--- START ---

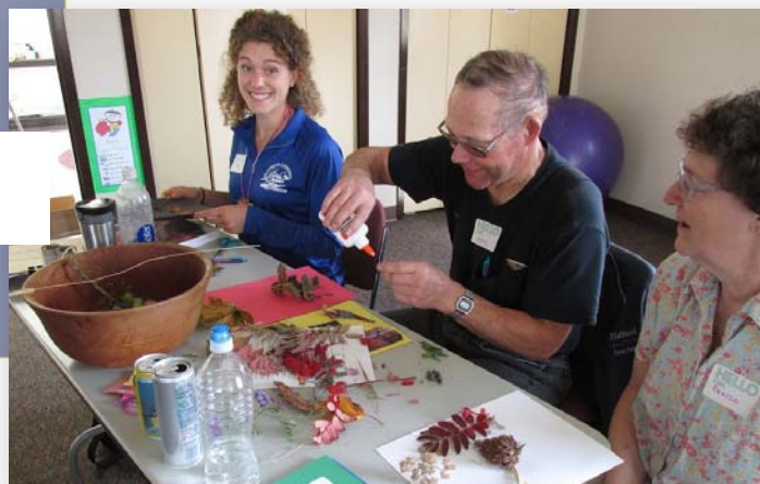
Table Activity, Kalispell Workshop on October 1, 2016
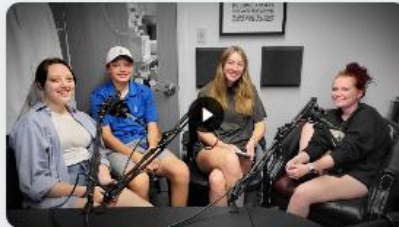
28. Seniors of 2022 Jun 21, 2022
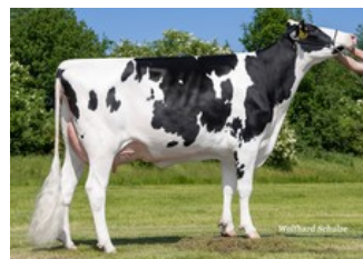
WSH Great GP-83
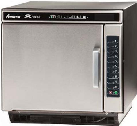
Model ACE19N shown
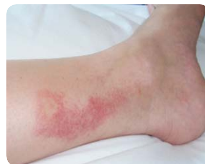
Figure 7. Irritation secondary to possible insect bite.
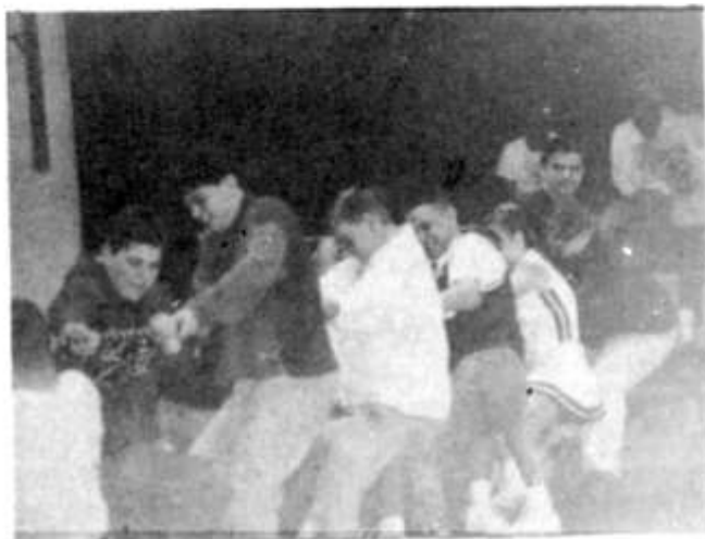
Freshmen guys try to beat the upperclassmen in Tug-o-war during a pep rally.
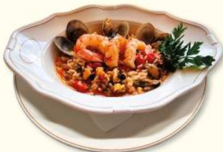
RISO MARE * Risotto with Seafoods

* CONTIENE ALLERGENI / IT CONTAINS ALLERGENIC
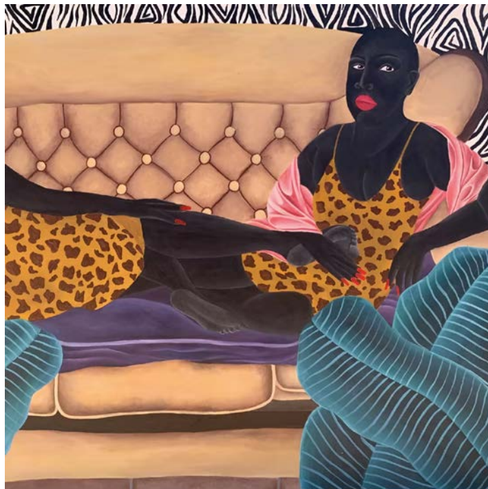
Two Reclining Women, 2020, by Zandile Tshabalala
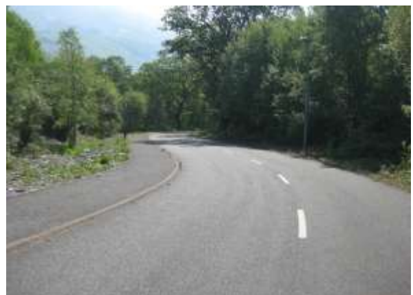
20. North on to Glyn Rhonwy heading towards A4086 junction. Footway to the west.
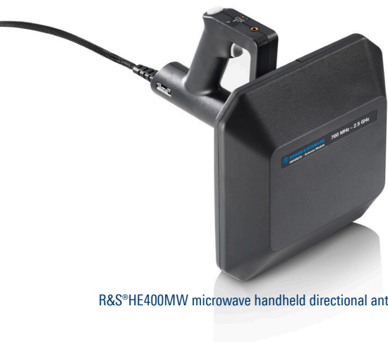
R&S®HE400MW microwave handheld directional antenna with R&S®HE400CEL

The antennas can be switched between normal mode, with a distinct maximum pointing to the front, and delta mode, where the radiation pattern exhibits a steep-edge indent at the boresight. Direction finding based on the minimum signal in delta mode allows users to find the signal source much more accurately and quickly. Both antenna modules are supported by the R&S®HE400 and R&S®HE400MW antenna handles.
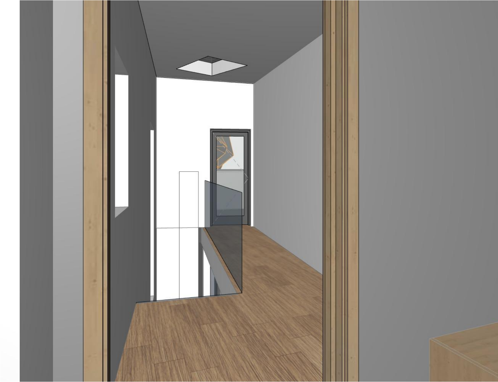
Internal Perspective 4
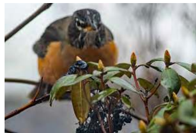
Robin with Rhododendron 'Brandywine' .

Robins descend upon hollies, viburnums and crab apple trees seeking sustenance during harsh late winter weather spells. This early February was no different except for the continual waves of birds covering trees, shrubs, lawn and pasture. Even seasoned birders do not get too keyed up about robins, but this event was
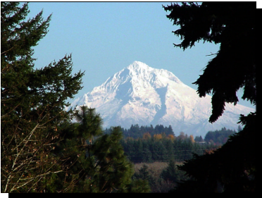
A view of majestic Mt. Hood from our backdoor.

N orthwest Behavioral Healthcare Services provides residential services to troubled youth, ages 12 to 17 who meet clinical admission criteria. The staff of Northwest has shown itself to be successful with those more “difficult to treat” — especially those with a dual diagnosis who require a secure setting for their care.
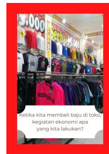
Figure 2. Uno Card

c) The dice have a different color on each side. The color of the dice remains the same as that of the Uno blocks and cards. The dice serve as a guide in picking blocks and uno cards.
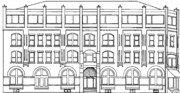
The Pantall Hotel Corner S. Jefferson & E. Mahoning St. Built circa 1888
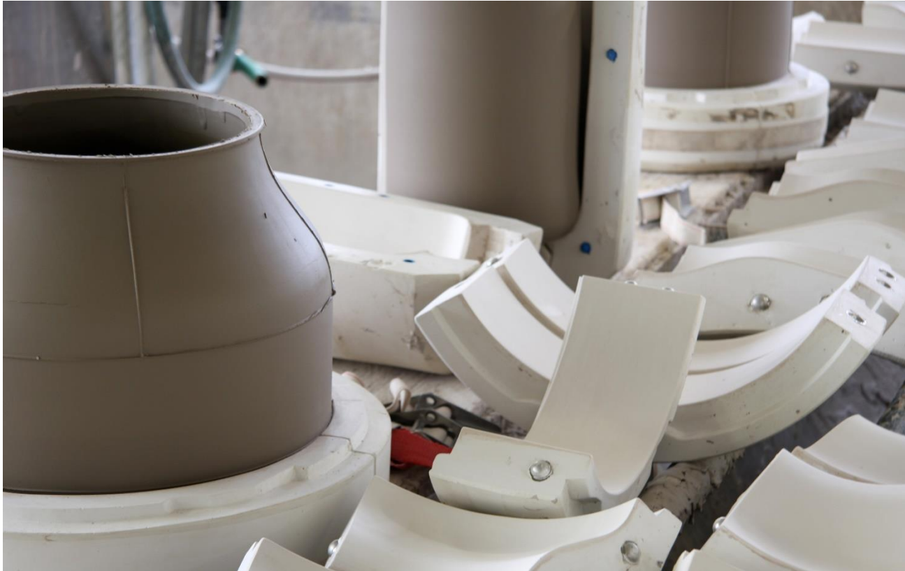
Seams & Canisters by Benjamin Hubert
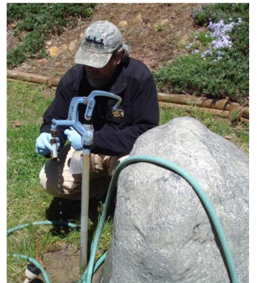
AMEC personnel collecting a well water sample in April 2014

The 2<sup>nd</sup> quarterly drinking water sampling event of 2014 was completed during the week of April 14-18, 2014. EPA will mail results to home owners after the results are received.
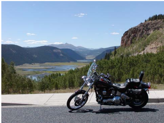
Where the Rio Grande River begins, Creede, CO. Highway 149 and Slumgullian Pass were perfect.

But alas, after several days of non-stop riding and eating, me and my riding buddies, Tommy Martin and Jimmy Groce, decided to spend a few days in beautiful Colorado.... We weren't disappointed. I've been in all the states but five, I've been in beautiful western Canada too, but mile for mile it doesn't get any better than Colorado.
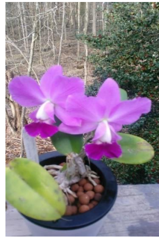
BC Tropical Beauty "Hawaii"
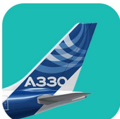
A330 CEO Family
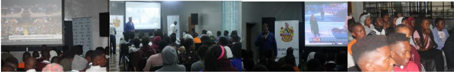
Utrecht High School learners, educators, School Governing Body and stakeholders during the live screening of the SoNA.
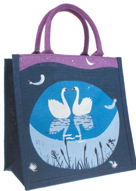
EA1902 moon swans
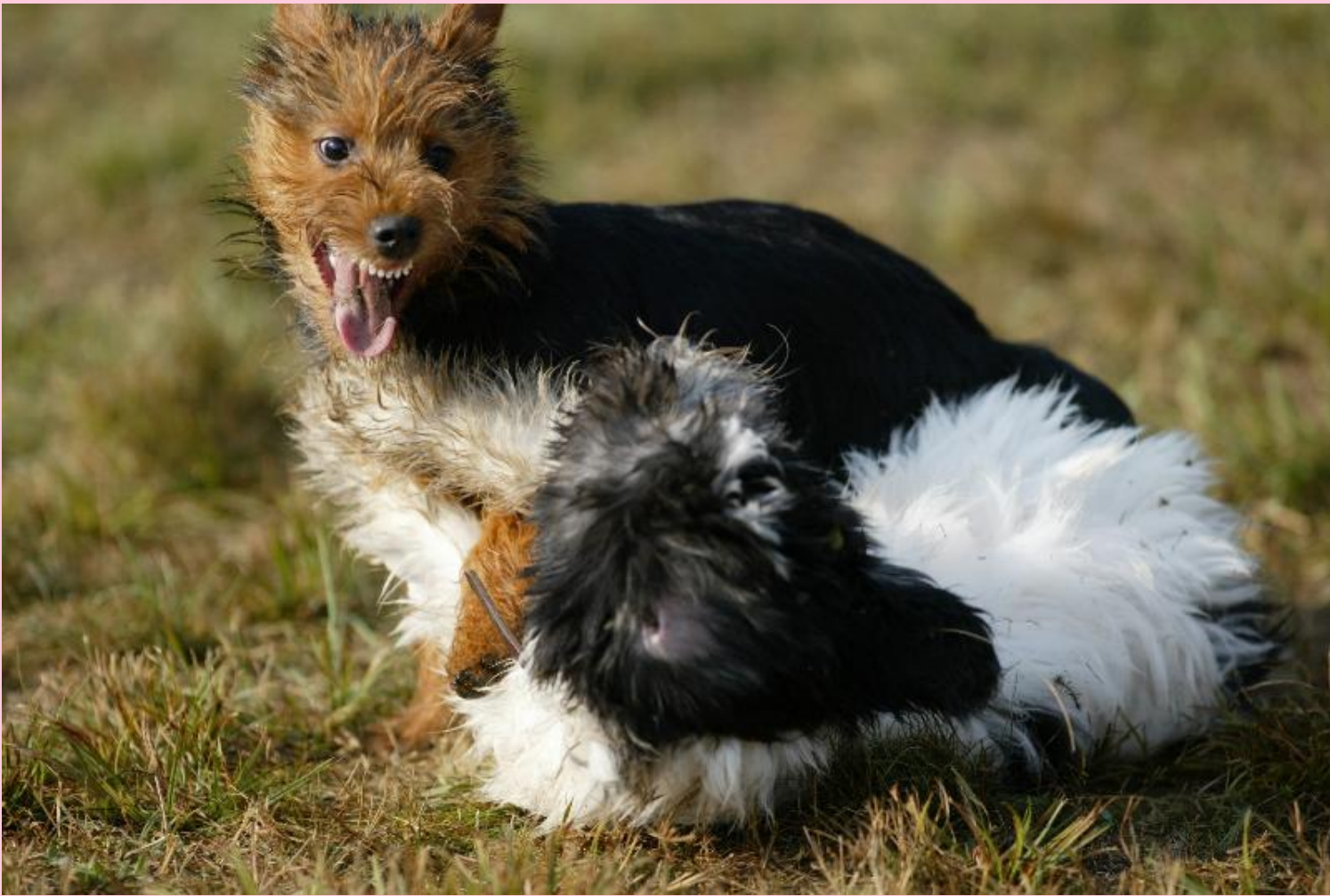
"Alfie and Zeta at Camp Gone To The Dogs"
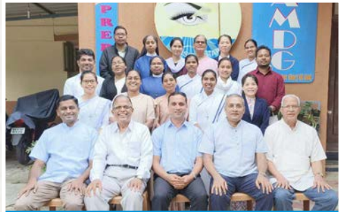
Final Profession: June-Aug 2023
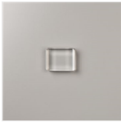
Clear Block B - 117147
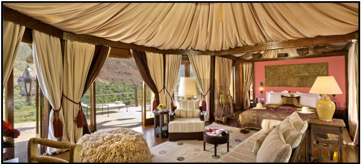
Kasbah Tamadot - Morocco

Engineered To Bring You Closer To Nature And Allow You The Romance Of Living Under Canvas, To Find The True Tranquility And Absolute Pure Passion Of Life!

--- END ---

● **Description of the task**
Report each line of the data that includes the string "during".

● **Written solution**
Freshmen guys try to beat the upperclassmen in Tug-o-war during a pep rally.
Robins descend upon hollies, viburnums and crab apple trees seeking sustenance during harsh late winter weather spells. This early February was no different except for the continual waves of birds covering trees, shrubs, lawn and pasture. Even seasoned birders do not get too keyed up about robins, but this event was
The 2<sup>nd</sup> quarterly drinking water sampling event of 2014 was completed during the week of April 14-18, 2014. EPA will mail results to home owners after the results are received.
Utrecht High School learners, educators, School Governing Body and stakeholders during the live screening of the SoNA.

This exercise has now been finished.